▶ _Data block_
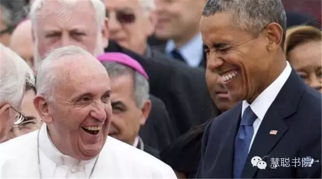 在方济各教皇面前,奥巴马总统彷如纯真的小孩一般
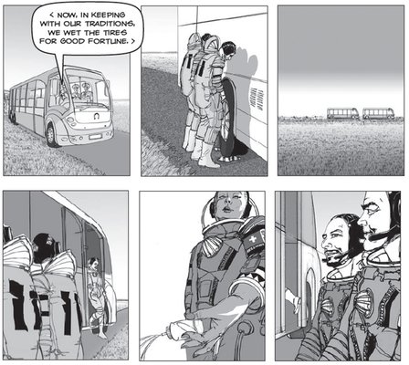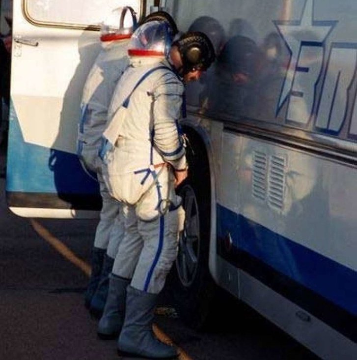 ...volt még egy teendőnk: le kellett pisilnünk a busz jobb hátsó kerekét, úgy, ahogy azt annak idején Jurij Gagarin tette. Ez itt már hagyomány, de valójában, ha valakit bezárnak egy űrhajó kabinjába, ahol jó néhány órán keresztül nem hagyhatja el az ülését, akkor ésszerűnek is látszik a dolog – Chris Hadfield kanadai űrhajós írja könyvében, milyen volt, amikor az oroszok fellőtték Bajkonurból.
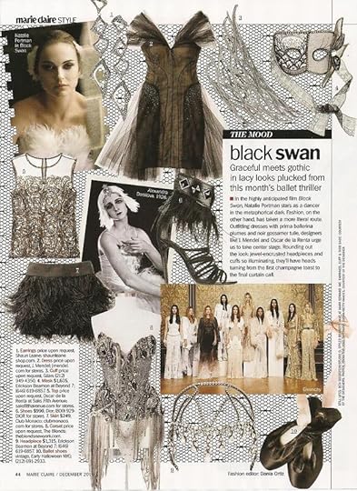 I was flipping through Marie Claire and saw this spread on current fashions inspired by the Black Swan movie:

▶ _Directions for this task_
Line by line, write out the material above exactly, with no images.

▶ _Result of the task_
 在方济各教皇面前,奥巴马总统彷如纯真的小孩一般
 ...volt még egy teendőnk: le kellett pisilnünk a busz jobb hátsó kerekét, úgy, ahogy azt annak idején Jurij Gagarin tette. Ez itt már hagyomány, de valójában, ha valakit bezárnak egy űrhajó kabinjába, ahol jó néhány órán keresztül nem hagyhatja el az ülését, akkor ésszerűnek is látszik a dolog – Chris Hadfield kanadai űrhajós írja könyvében, milyen volt, amikor az oroszok fellőtték Bajkonurból.
 I was flipping through Marie Claire and saw this spread on current fashions inspired by the Black Swan movie:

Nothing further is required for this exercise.